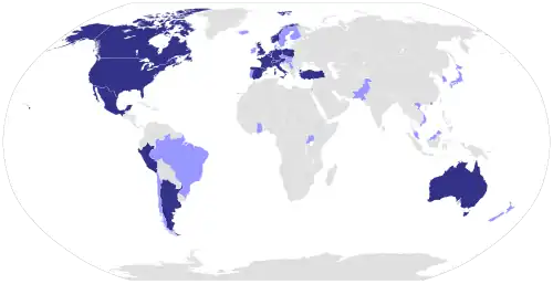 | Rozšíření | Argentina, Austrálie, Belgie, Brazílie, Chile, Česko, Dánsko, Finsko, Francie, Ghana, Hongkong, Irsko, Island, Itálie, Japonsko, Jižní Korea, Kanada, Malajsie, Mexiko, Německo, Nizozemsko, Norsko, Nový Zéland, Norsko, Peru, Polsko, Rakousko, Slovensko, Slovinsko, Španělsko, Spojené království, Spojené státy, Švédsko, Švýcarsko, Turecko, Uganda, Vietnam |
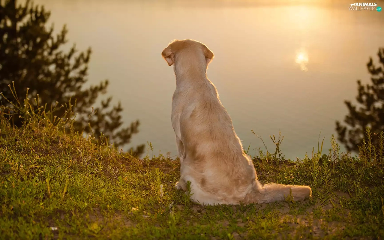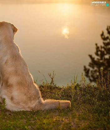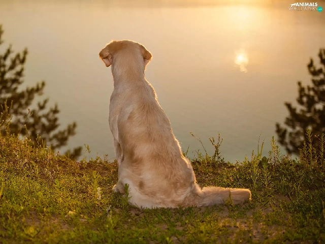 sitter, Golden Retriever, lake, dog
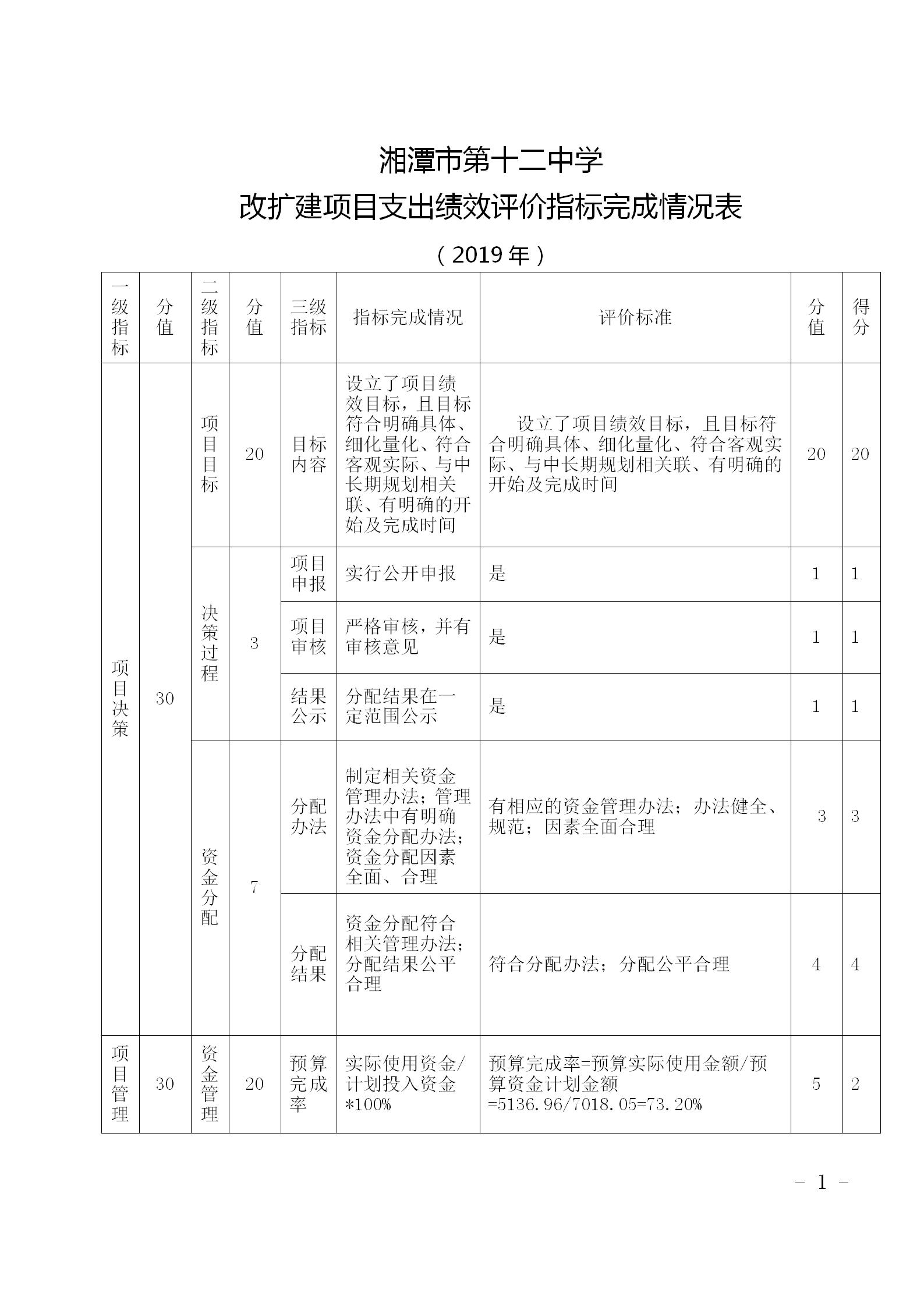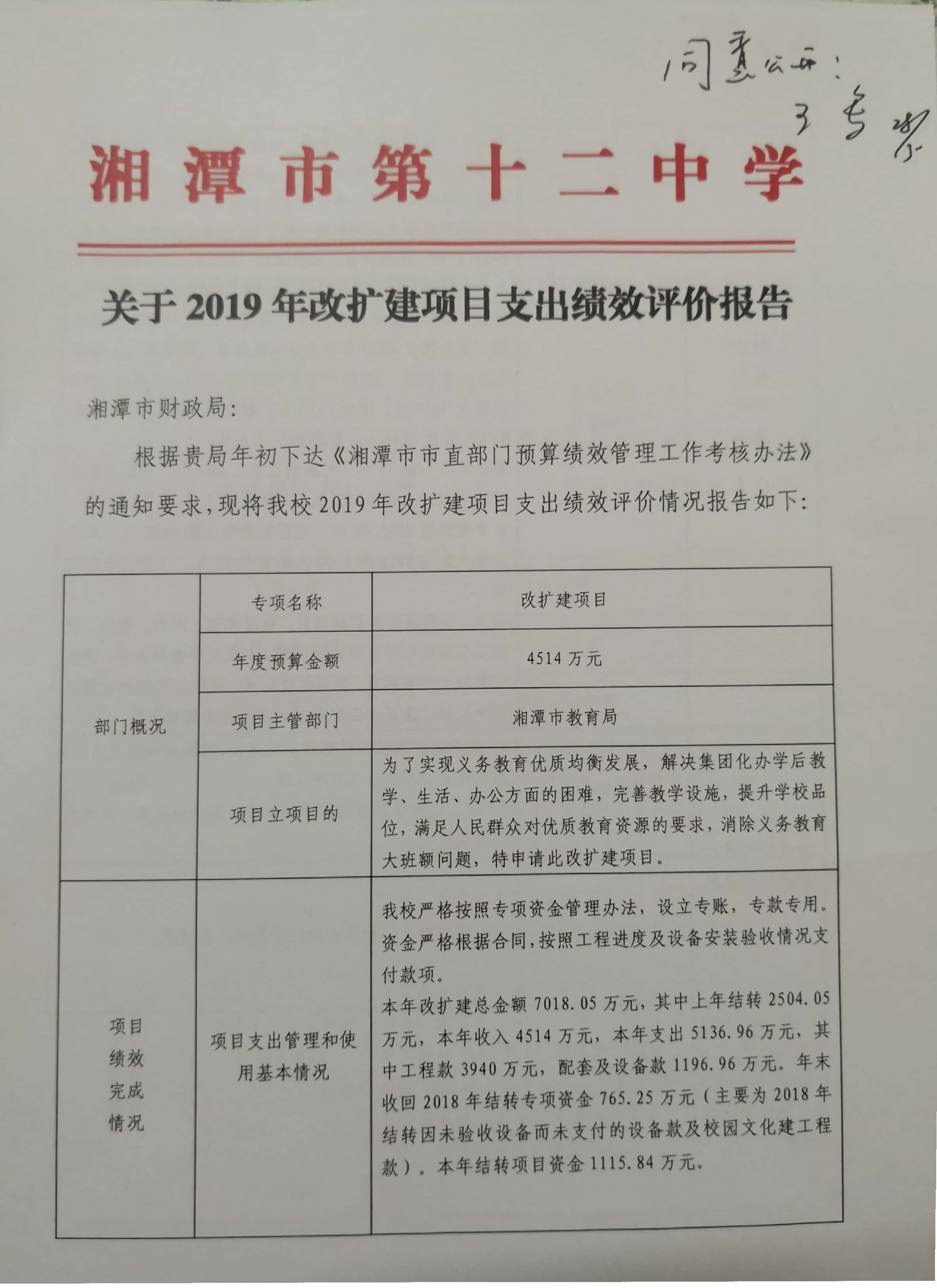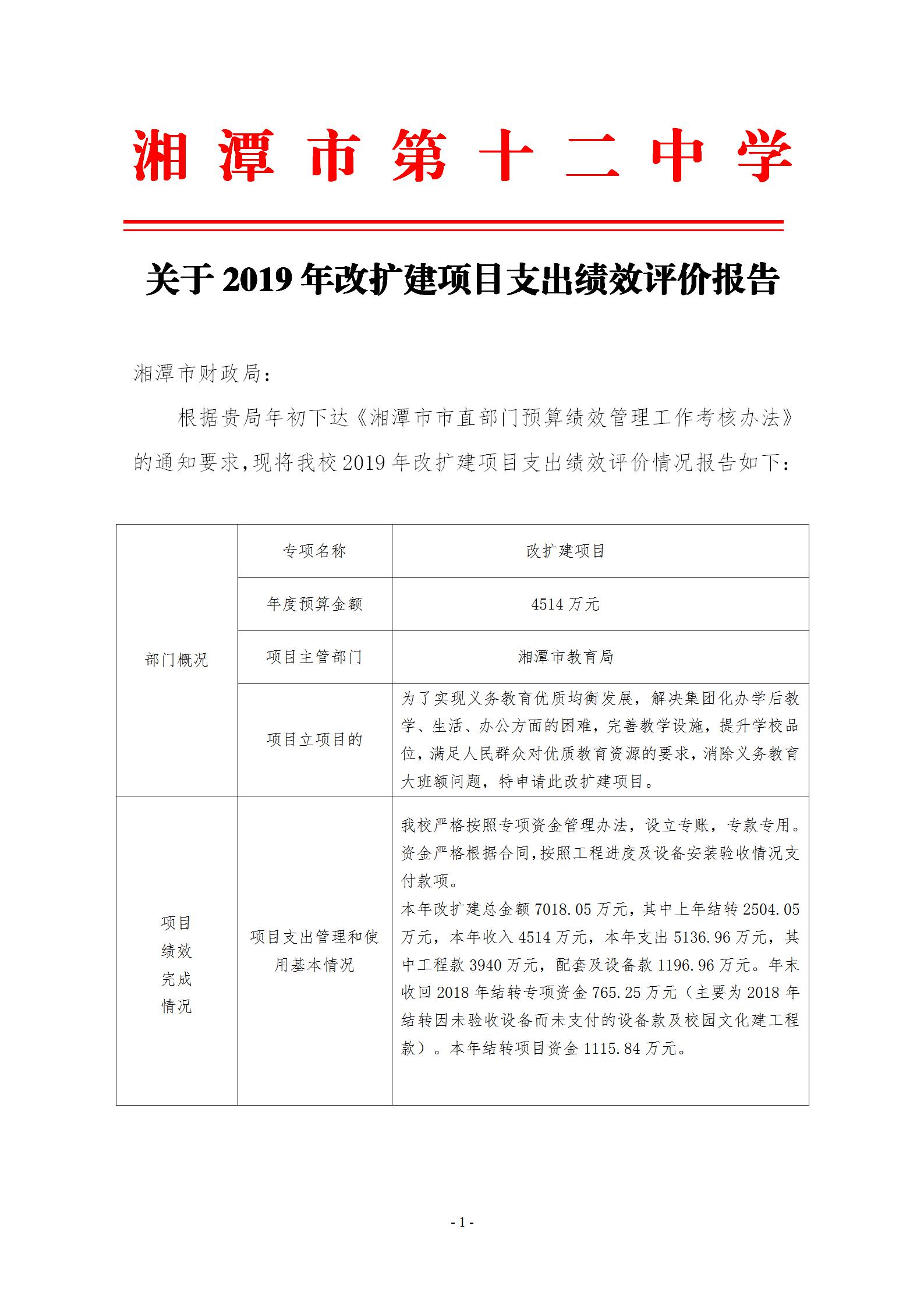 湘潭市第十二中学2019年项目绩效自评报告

* * * * *

Problem description —
Print every line above exactly. Leave the pictures out.

Exercise result —
 | Rozšíření | Argentina, Austrálie, Belgie, Brazílie, Chile, Česko, Dánsko, Finsko, Francie, Ghana, Hongkong, Irsko, Island, Itálie, Japonsko, Jižní Korea, Kanada, Malajsie, Mexiko, Německo, Nizozemsko, Norsko, Nový Zéland, Norsko, Peru, Polsko, Rakousko, Slovensko, Slovinsko, Španělsko, Spojené království, Spojené státy, Švédsko, Švýcarsko, Turecko, Uganda, Vietnam |
 sitter, Golden Retriever, lake, dog
 湘潭市第十二中学2019年项目绩效自评报告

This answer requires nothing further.